> [WHAT THIS TASK INVOLVES]: Below are entries. Reproduce exactly the lines between the line holding "作者:视频教程网,原文地址:2025AI" and the line holding "내용은 한국소비자원이 편의점이나", inclusive, and only those.

> [MATERIAL SUPPLIED]:
* * * * * * * * *

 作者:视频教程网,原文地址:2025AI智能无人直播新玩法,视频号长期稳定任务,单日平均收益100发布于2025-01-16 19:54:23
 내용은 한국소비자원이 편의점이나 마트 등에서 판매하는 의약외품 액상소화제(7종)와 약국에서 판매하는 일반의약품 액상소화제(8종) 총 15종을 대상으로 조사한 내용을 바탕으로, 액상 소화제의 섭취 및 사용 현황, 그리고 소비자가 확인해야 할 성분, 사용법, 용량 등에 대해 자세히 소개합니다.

* * * * * * * * *

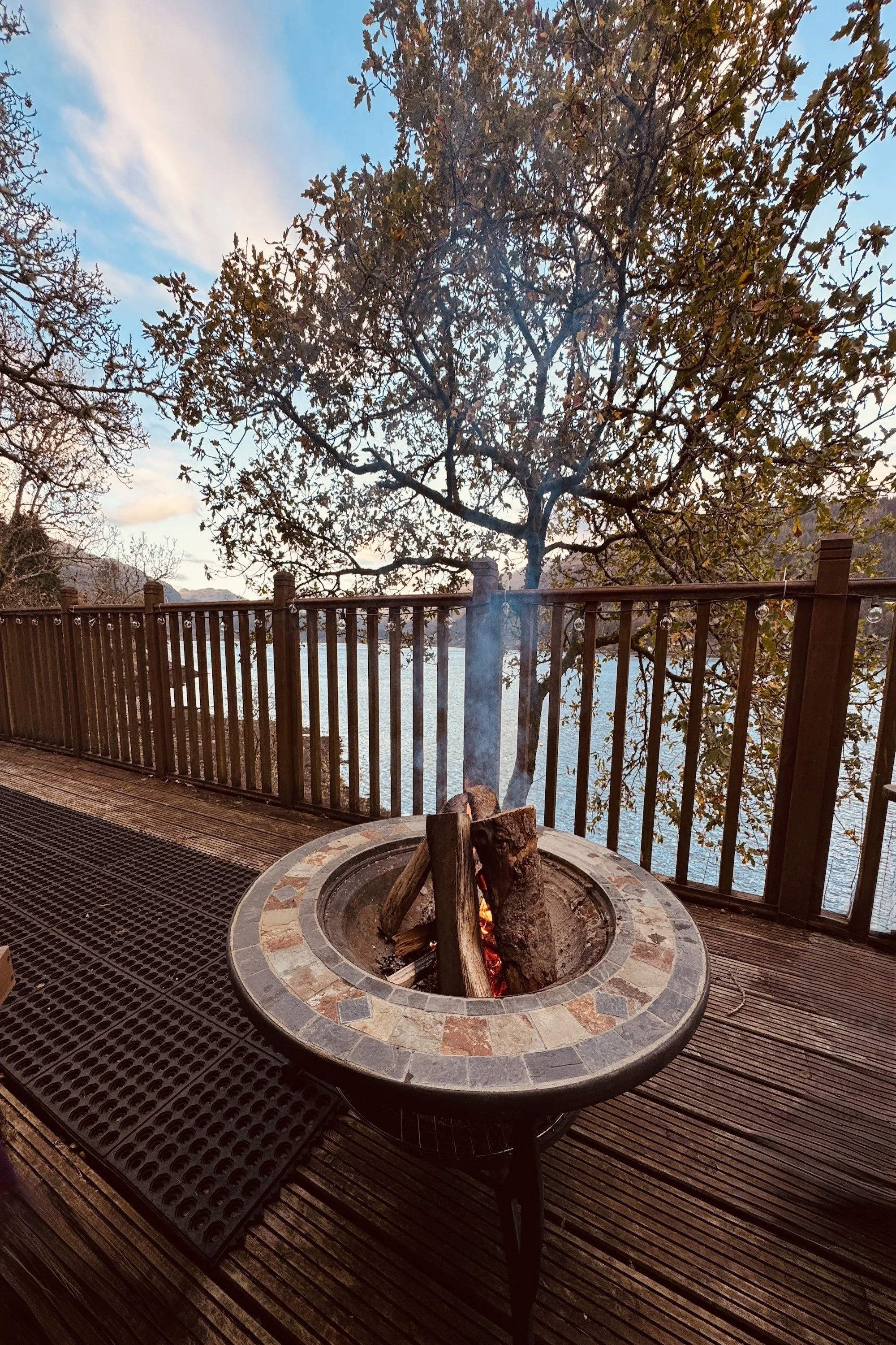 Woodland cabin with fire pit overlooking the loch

* * * * * * * * *

> [YOUR SOLUTION]:
 作者:视频教程网,原文地址:2025AI智能无人直播新玩法,视频号长期稳定任务,单日平均收益100发布于2025-01-16 19:54:23
 내용은 한국소비자원이 편의점이나 마트 등에서 판매하는 의약외품 액상소화제(7종)와 약국에서 판매하는 일반의약품 액상소화제(8종) 총 15종을 대상으로 조사한 내용을 바탕으로, 액상 소화제의 섭취 및 사용 현황, 그리고 소비자가 확인해야 할 성분, 사용법, 용량 등에 대해 자세히 소개합니다.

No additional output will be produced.